The ongoing fiasco of mass transit in Seattle
When I was in Seattle this summer, I saw a number of the fancy new stations showing on 15th NW in anticipation of the launch of Rapidride D, ostensibly a new Bus Rapid Transit service that will replace the old, slow 15 local for service to Ballard from downtown Seattle. It seemed like a good line to try such a venture; Ballard is seeing major increases in density, and is awfully slow to get out of for a major urban neighborhood, and it’ll be a long, long time if ever before the new light rail system comes anywhere near it.
Unfortunately, it’s looking more and more like a poster child for everything wrong with Bus Rapid Transit. This captures nicely the problem with BRT; it’s not so much that BRT can’t significantly replicate rail service in theory (or in South America), it’s that, it’s much easier to cut corners and chip away at the quality of service. What’s wrong with the Rapidride D, set to launch next month?
*Terminates too soon. The current 15 can get you to the southern part of downtown and the stadiums. With RR, you’ll have to transfer or walk the last 1-2 miles.
*No off board payment downtown. This is huge, and is compounded by the end of the ride free zone, which means at the downtown stops, the buses will have to wait forever while everyone gets on board and pays on board. (The needed card readers will allegedly be in place by mid-2013.)
*The Orca cards, which make payment much faster than fumbling around for $2.25, are still not free and not convenient to acquire. If you’re going to make people pay on board, at least incentivize abandoning cash payment so that as few people as possible waste everyone’s time fumbling around for another quarter.
*Even at the stops with off-board card readers, there is no ‘pay cash, get a ticket’ option, so cash customers will slow people up in both directions, all the time.
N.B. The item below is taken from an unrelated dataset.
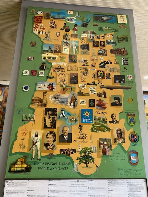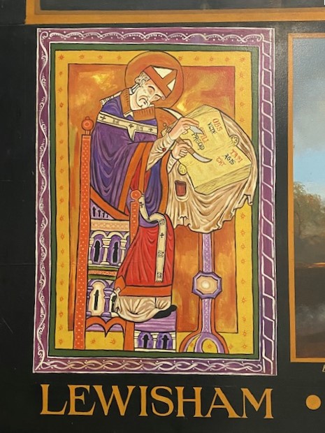 This route starts at the same place as others (see 54, 75, 89) but there are always things to see that are new, or previously overlooked. Take for example, at one of the entrances to Lewisham Shopping Centre, there are a series of images portraying Lewisham and its surroundings over the years. Take a look at St Dunstan, an abbot of Glastonbury who had helped King Edgar to the throne. He had been sheltered by the monks at St Peter’s Abbey in Belgium and as a reward, Edgar bestowed the Manor of Lewisham upon the abbey.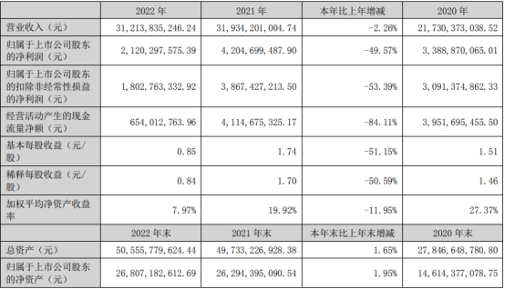 北京4月13日讯 东方雨虹(002271)(002271.SZ)于昨日晚间发布2022年年度报告,公司2022年实现营业收入312.14亿元,同比下降2.26%;归属于上市公司股东的净利润为21.20亿元,同比下降49.57%;归属于上市公司股东的扣除非经常性损益的净利润为18.03亿元,同比下降53.39%;经营活动产生的现金流量净额为6.54亿元,同比减少84.11%。

*15 minute non-peak headway: very borderline for BRT. Should be no more than 10. The decision to not publish a schedule is idiotic, especially given the percentage of riders who’ll need to make a transfer to a bus with infrequent service. Going without a schedule is a viable option for less than 10 minute headways. It also signals a lack of confidence in their own rhetoric about improved reliability. Metro promotes this as “service so frequent you don’t even need a schedule”, which is curious, since they provide schedules for many routes with headways of 15 minutes or less.
* Signal priority may not be happening at the stops that need it the most.
In fairness, the elimination of the free ride zone is a big part of the problem here, and not just for rapidride–for the afternoon/evening commute, getting buses out of downtown–both the tunnel and the surface streets–needs to be as fast as possible to prevent massive gridlock, and the “pay as you leave, only once we leave the downtown area” system expedites that. Everyone should be terrified of what’s coming for the afternoon commute out of downtown. The decision to scrap the RFA was political concession to Republicans on the King County Council who would otherwise have allowed massive service cuts by withholding needed funding. It’s looking like a classic penny-wise pound foolish move; the 2.2 million a year in fares may well be dwarfed by efficiency losses or other riders abandoning their buses because decreased efficiency. The BRT planners had no reason, 5-6 years ago, to expect the end of the RFA at the same time BRT would go online. The launch of this fancy new line may well coincide with travel times *slower* than the old 15 on the afternoon northbound routes. Riders may not appreciate the buses would be even slower had they not upgraded to rapidride. The A line, which went online two years ago, turned a 45 minute route into a 40 minute one. I’m not confident we should expect anything that impressive from the D line.
Metro King County GM Kevin Desmond gamely attempts some spin, avoiding claims with any specificity quite deftly.
Fans of sensible transit policy seeking a palate cleanser may enjoy Jarrett Walker’s appreciation of Portland’s transition to a simple, functional, user friendly bus grid, which is turning 30.